DESCRIPTION OF THE TASK:
From the material below, reproduce exactly the stretch of lines that begins with the line holding "in de oven. |" and ends with the line holding "O músico Lucas", skipping the pictures.

RAW DATA:
============

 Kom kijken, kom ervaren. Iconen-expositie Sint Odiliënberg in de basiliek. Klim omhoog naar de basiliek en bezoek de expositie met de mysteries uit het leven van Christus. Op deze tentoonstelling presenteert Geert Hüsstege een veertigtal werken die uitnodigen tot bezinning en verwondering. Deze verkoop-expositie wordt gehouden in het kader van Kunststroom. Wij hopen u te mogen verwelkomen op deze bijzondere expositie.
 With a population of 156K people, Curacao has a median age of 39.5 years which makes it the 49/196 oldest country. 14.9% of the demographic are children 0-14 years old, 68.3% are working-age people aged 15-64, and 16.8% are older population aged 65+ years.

============

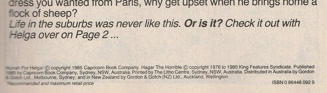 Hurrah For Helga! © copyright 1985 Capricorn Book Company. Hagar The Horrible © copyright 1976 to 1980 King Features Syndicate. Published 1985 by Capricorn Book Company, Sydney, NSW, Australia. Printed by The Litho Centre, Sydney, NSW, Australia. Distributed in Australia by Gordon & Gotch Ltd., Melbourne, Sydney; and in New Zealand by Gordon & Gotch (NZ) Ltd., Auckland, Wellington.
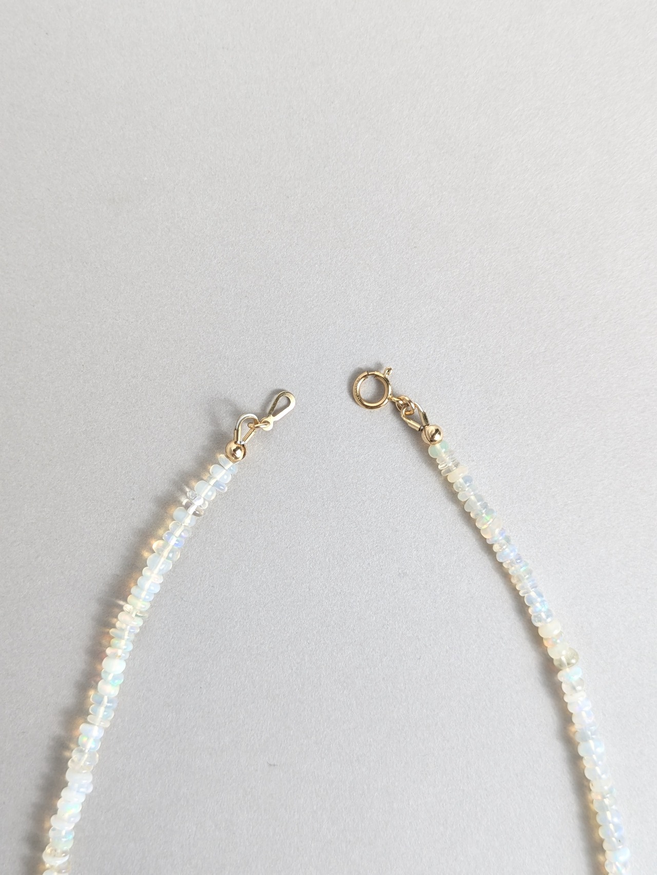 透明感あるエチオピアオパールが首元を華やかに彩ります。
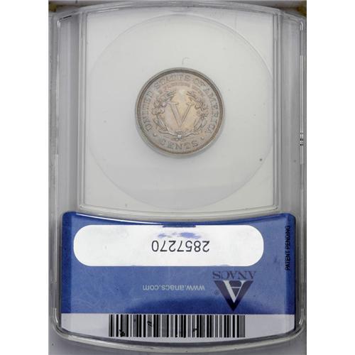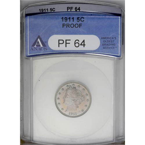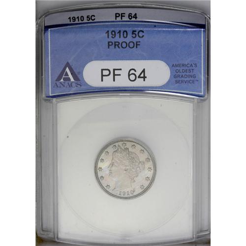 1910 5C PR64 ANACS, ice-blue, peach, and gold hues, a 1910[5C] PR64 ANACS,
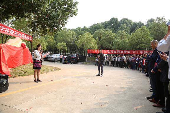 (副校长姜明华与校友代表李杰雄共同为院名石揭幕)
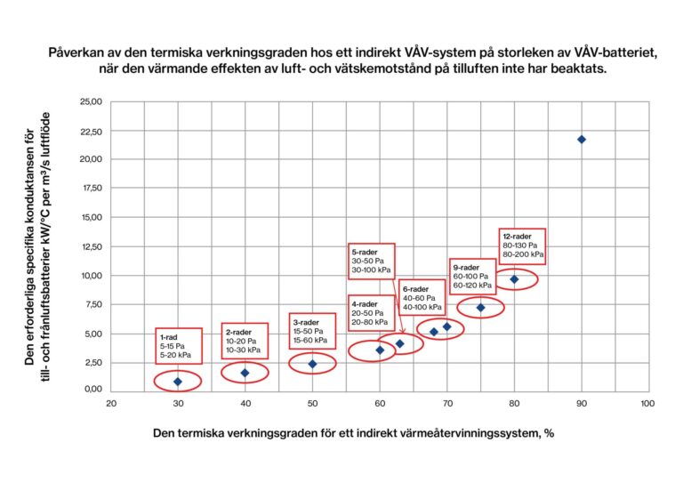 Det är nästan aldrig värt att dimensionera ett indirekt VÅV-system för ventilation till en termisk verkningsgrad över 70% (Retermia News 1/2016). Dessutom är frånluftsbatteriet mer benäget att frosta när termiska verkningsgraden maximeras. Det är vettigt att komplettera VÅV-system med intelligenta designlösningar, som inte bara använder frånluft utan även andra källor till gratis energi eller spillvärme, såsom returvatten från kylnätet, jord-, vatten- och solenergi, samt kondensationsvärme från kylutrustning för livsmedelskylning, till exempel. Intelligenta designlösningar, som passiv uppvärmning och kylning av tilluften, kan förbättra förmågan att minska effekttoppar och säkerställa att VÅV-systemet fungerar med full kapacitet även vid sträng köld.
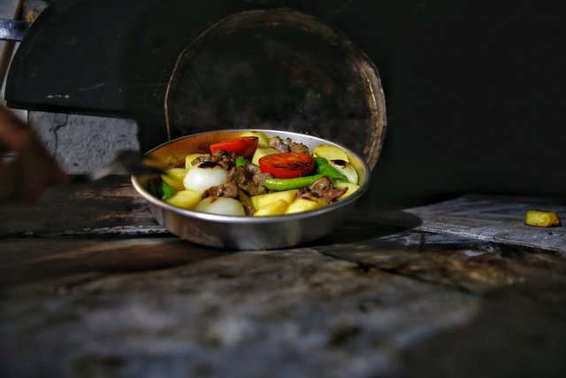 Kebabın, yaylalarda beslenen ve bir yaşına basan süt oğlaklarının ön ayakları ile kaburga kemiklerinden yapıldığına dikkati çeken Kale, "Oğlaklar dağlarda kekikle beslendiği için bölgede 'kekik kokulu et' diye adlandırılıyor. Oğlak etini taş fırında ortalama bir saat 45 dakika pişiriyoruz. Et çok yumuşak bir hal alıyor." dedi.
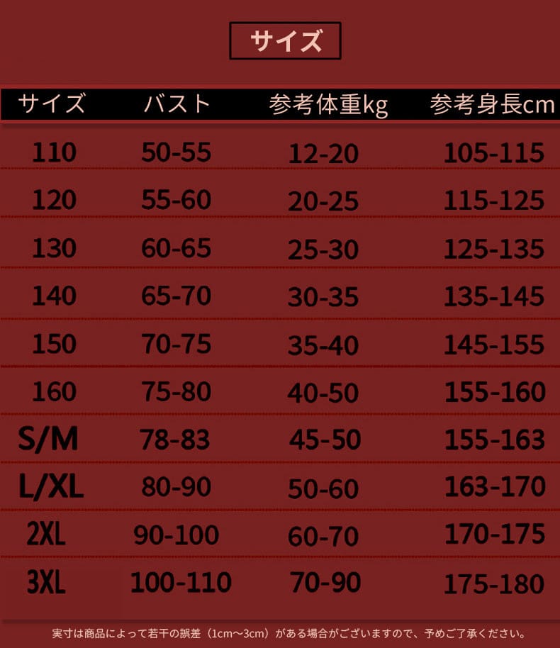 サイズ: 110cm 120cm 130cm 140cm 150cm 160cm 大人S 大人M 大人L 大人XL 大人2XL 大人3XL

============

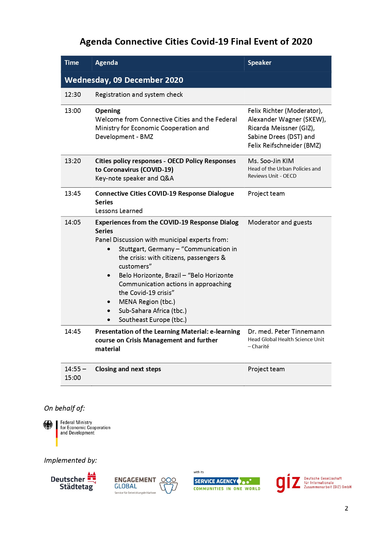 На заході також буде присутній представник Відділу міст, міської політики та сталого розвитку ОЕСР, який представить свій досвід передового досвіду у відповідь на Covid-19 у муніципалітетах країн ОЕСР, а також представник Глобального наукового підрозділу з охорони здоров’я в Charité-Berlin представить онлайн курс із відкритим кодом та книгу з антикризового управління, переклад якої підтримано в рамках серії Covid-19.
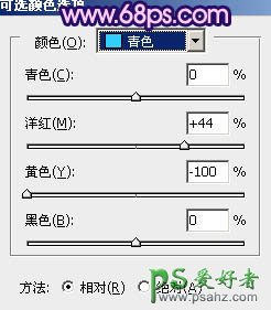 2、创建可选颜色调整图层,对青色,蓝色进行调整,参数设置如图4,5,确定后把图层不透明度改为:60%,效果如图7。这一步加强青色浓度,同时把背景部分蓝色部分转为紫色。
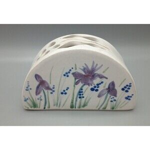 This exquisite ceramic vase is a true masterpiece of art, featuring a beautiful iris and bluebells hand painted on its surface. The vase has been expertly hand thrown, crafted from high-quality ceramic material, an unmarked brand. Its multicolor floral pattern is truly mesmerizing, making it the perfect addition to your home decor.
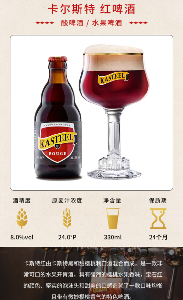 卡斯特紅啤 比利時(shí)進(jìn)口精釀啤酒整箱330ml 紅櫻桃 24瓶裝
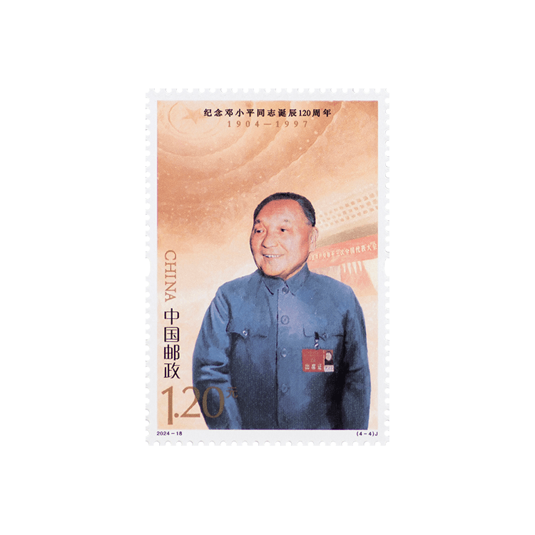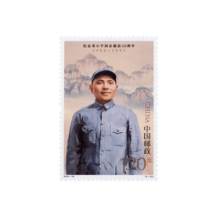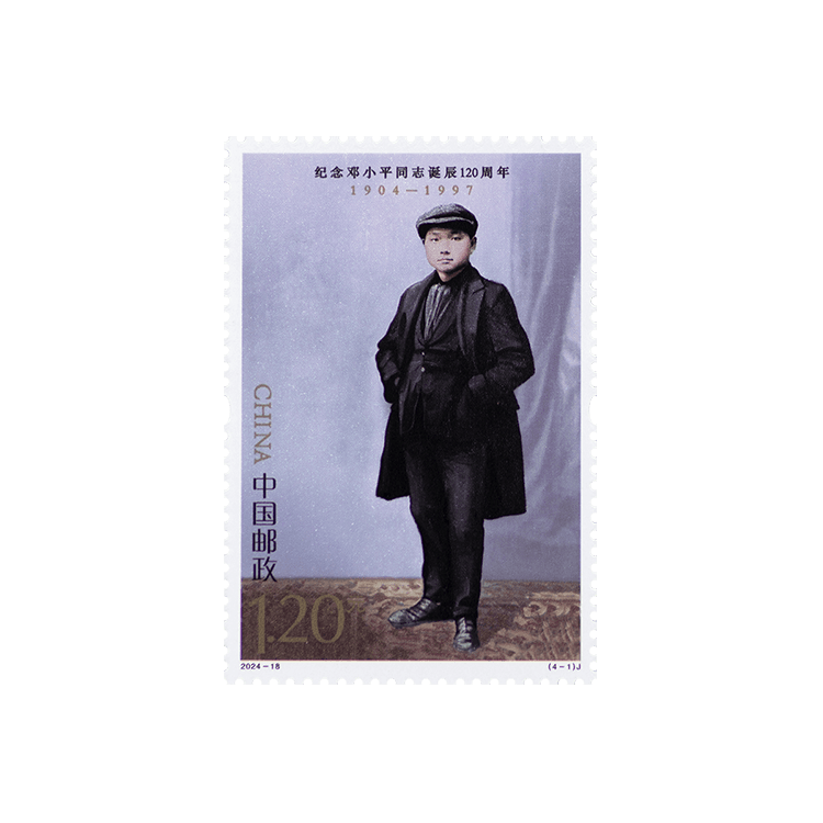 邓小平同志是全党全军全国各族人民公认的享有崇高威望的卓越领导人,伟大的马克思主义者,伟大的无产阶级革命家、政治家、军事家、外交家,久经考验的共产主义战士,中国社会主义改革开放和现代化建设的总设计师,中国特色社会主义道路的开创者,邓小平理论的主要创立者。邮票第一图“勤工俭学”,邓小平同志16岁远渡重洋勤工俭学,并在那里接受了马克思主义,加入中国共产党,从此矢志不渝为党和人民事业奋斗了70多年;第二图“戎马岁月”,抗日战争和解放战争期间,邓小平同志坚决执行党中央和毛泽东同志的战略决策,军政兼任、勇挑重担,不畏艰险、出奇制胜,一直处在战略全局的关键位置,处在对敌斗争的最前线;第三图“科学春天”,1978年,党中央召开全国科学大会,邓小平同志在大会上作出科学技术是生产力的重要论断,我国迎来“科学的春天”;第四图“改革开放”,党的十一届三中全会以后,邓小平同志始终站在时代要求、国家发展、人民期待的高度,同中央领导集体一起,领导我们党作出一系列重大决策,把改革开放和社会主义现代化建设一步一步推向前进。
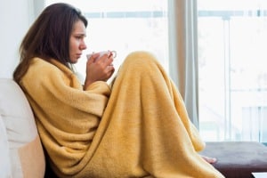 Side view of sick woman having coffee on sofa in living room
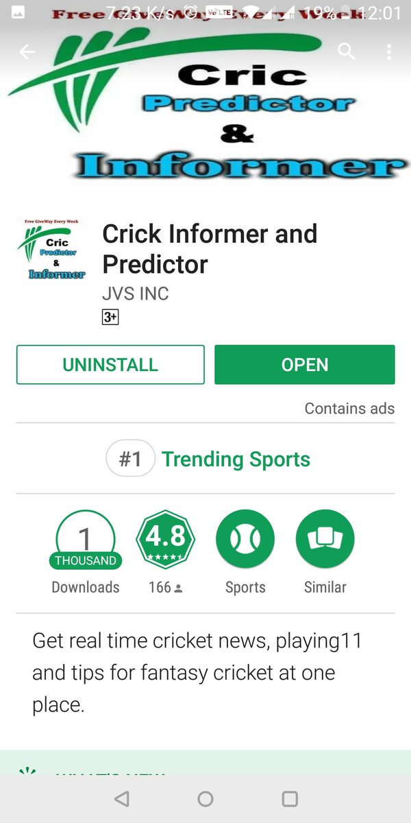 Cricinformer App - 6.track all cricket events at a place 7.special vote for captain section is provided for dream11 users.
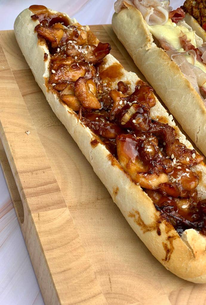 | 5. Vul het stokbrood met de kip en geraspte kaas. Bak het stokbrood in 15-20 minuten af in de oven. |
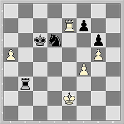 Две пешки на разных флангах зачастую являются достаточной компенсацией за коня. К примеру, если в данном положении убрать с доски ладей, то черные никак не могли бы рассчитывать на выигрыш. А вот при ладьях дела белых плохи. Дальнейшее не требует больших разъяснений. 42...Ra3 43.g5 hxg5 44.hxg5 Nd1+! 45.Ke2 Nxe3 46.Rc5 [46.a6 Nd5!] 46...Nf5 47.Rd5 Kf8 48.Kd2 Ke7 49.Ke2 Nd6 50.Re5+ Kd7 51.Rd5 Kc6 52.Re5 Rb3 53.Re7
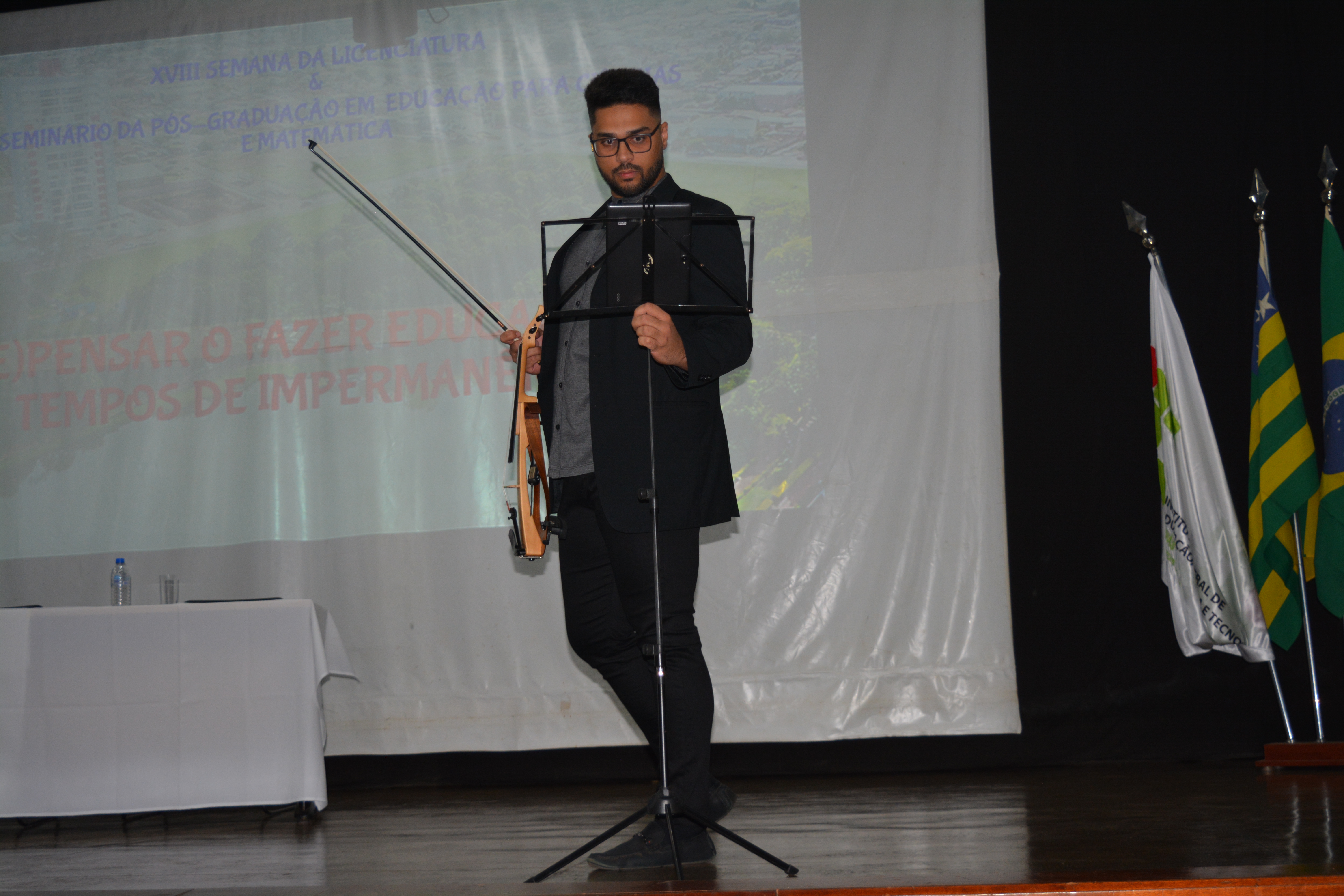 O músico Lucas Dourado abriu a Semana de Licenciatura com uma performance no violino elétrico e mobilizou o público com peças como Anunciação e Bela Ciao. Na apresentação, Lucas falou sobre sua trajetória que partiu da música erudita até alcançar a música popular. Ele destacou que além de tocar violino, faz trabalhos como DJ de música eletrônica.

============

EXERCISE RESPONSE:
 | 5. Vul het stokbrood met de kip en geraspte kaas. Bak het stokbrood in 15-20 minuten af in de oven. |
 Две пешки на разных флангах зачастую являются достаточной компенсацией за коня. К примеру, если в данном положении убрать с доски ладей, то черные никак не могли бы рассчитывать на выигрыш. А вот при ладьях дела белых плохи. Дальнейшее не требует больших разъяснений. 42...Ra3 43.g5 hxg5 44.hxg5 Nd1+! 45.Ke2 Nxe3 46.Rc5 [46.a6 Nd5!] 46...Nf5 47.Rd5 Kf8 48.Kd2 Ke7 49.Ke2 Nd6 50.Re5+ Kd7 51.Rd5 Kc6 52.Re5 Rb3 53.Re7
 O músico Lucas Dourado abriu a Semana de Licenciatura com uma performance no violino elétrico e mobilizou o público com peças como Anunciação e Bela Ciao. Na apresentação, Lucas falou sobre sua trajetória que partiu da música erudita até alcançar a música popular. Ele destacou que além de tocar violino, faz trabalhos como DJ de música eletrônica.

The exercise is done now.